Today’s biofuels come from plants that typically have a high fat or oil content. These plants then undergo a process called hydro-reforming, which separates them into large hydrocarbons that can then be broken up into smaller pieces depending on what fuel is needed—hydrocarbons in jet fuels have between 7 and 14 carbon atoms, while diesel fuels can have up to 20. The process of refining a biofuel gets more complicated when there are multiple shapes the molecule can take, as chemical structure can influence the performance of a fuel. This makes the processing of a biofuel a crucial step in making them “drop-in fuels,” or fuels that will be compatible with current engines.

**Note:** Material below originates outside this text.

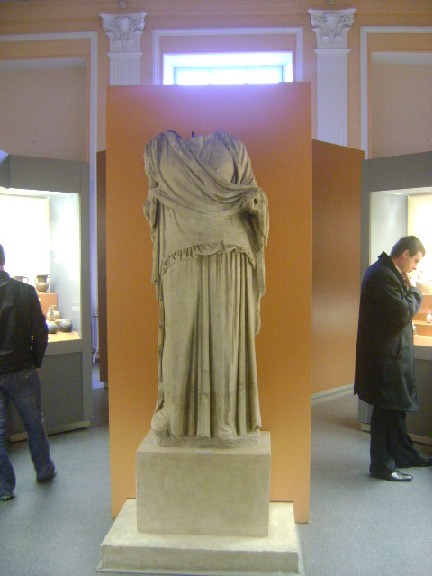 Лучшие образцы античной скульптуры выставлены в вестибюле здания, специально построенного для музея в 1883 году. В первых двух залах демонстрируются материалы, охватывающие огромный период времени: от появления человека - до второго тысячелетия до н.э. Особый интерес представляют находки из поселений и могильников культур Гумельница, Триполье, Усатово, подкурганных погребений и кладов бронзы. Культура скифских племен, обитавших в это время в степях Причерноморья, представлена материалами из поселений и захоронений, предметами вооружения, бронзовыми котлами и другой утварью, украшениями. К началу первого тысячелетия н.э. скифов потеснили сарматы, а в III-IV вв. н.э. сложилось объединение племен, представленное предметами Черняховской культуры. Период IX-XIV вв. отражен в материалах из поселений и городов Киевской Руси, Белгорода, Кафы-Феодосии, острова Березань. В "Золотой кладовой" музея экспонируются подлинные вещи из драгоценных металлов, древнейшие из них относятся к началу второго тысячелетию до н.э. Привлекают внимание украшения из скифских и сарматских могильников, средневековых погребений кочевников, изделия славянских умельцев. Из 50 тысяч монет, хранящихся в музее на обозрение выставлены наиболее редкие из золота и серебра, выпускавшиеся в Древней Греции, Риме, Византии. В разделе русской нумизматики демонстрируются монеты начиная с первой - "златника" князя Владимира и кончая чеканкой последних царей, а также мемориальные медали. Собрание египетских древностей - третье по величине в бывшем СССР. Здесь интерес представляют деревянные и каменный саркофаги, погребальный инвентарь, каменные плиты и фрагменты папирусов с иероглифами.

Lee’s research specializes in combustion, with a focus on laser and optical diagnostics. These laser and optical diagnostics help him quantify what occurs in the combustion of these biofuels, which gives insight into how exactly different processing methods affect the performance of the biofuel. “Until biofuels become mainstream, nobody is going to build a new engine for biofuels,” Lee said. “We need to make these fuels work in our engines. So we want to provide information about how to process these fuels so that they can become drop-in fuels, and give them design guidelines for an optimized biofuel. ”

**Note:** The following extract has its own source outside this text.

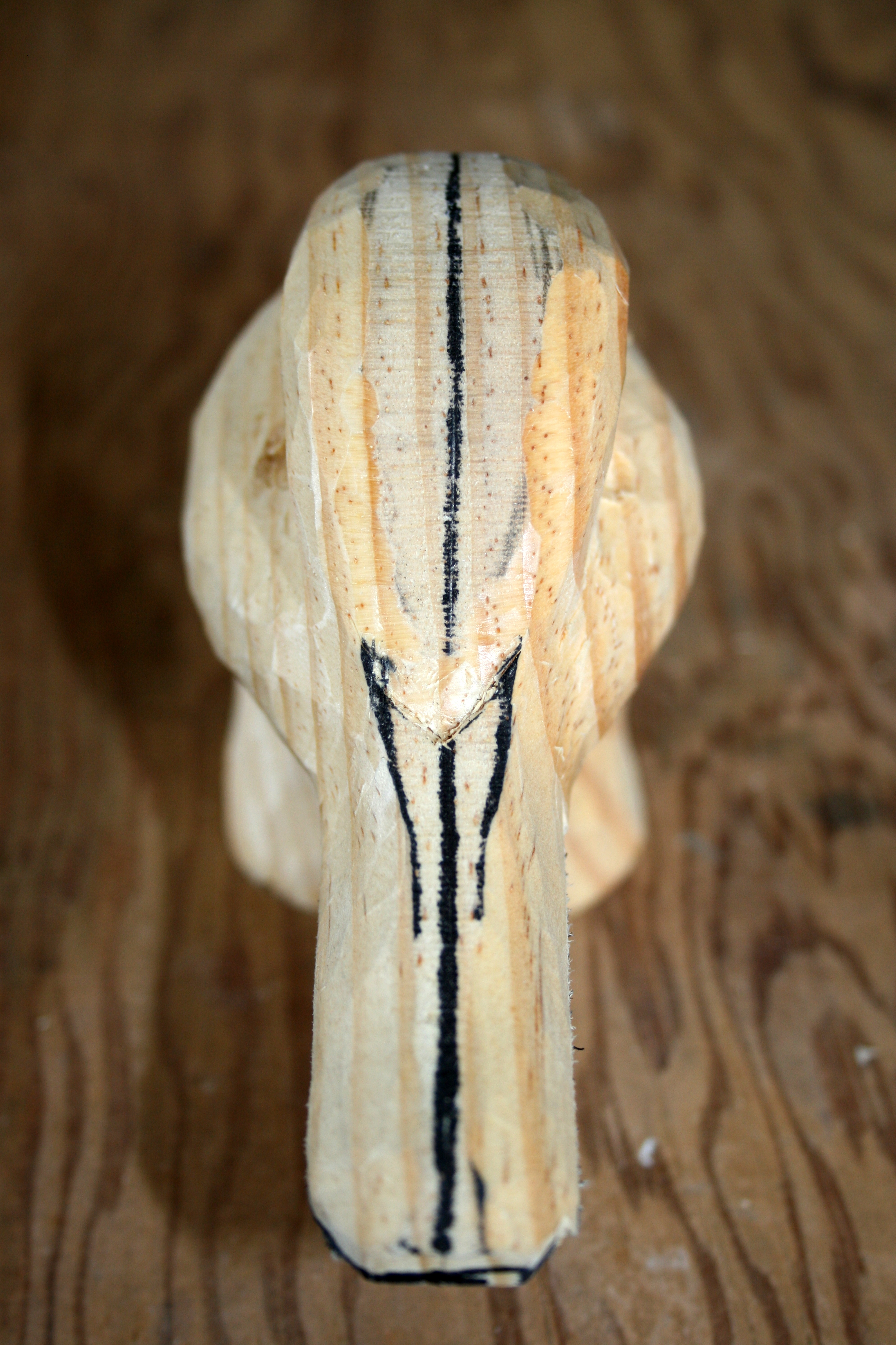 44 – Round both sides of crown Published August 9, 2013 at 2592 × 3888 in Carving a Mallard Head – Tutorial ← Previous Next → 45. I stay away from centerline and get there with sandpaper later on.

The two main properties that Lee is studying in biofuels are ignition and low-temperature chemistry. Each biofuel can have a different ignition delay, which is the 1-50 milliseconds before ignition when the molecules disintegrate and prepare to burn. This delay dramatically influences engine control. Also important is the performance of the fuel at low temperatures.

“So when it’s really hot, high-temperature combustion, all fuels behave kind of the same way,” Lee said. “When it’s cold combustion, fuels behave very differently. So we want to make sure that the fuel performs adequately in terms of the ignition but also in terms of the low-temperature combustion.”

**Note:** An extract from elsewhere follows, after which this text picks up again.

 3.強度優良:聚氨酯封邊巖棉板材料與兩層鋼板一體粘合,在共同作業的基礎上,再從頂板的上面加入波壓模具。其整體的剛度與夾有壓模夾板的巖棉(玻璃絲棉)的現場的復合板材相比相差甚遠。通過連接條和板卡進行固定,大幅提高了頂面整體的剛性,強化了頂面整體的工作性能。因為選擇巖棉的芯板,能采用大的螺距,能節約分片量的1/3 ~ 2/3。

As one of his main projects, Lee is helping the U.S. Navy and Air Force reach their goal of having a biofuel fleet by 2016 and using 50% biofuel in all of their fleets by 2020. Although petroleum-derived fuels are the most widely used fuels, the U.S. generates very little of the petroleum it uses. A desire to ease the country’s dependence on fuel it cannot produce, as well as to use fuels that have less of an impact on the environment, has sparked interest in biofuels created from organic matter.

“It’s driven by the military because the military does not care too much about how much the fuel costs,” Lee said. “The military is concerned about energy independence and increase of warfighting capabilities. Once the technology is mature in that sector, it will trickle down.”

Biofuels are not widely used in the commercial sector today because of their high costs and lower efficiencies compared to petroleum fuels. But Lee has faith that this will change.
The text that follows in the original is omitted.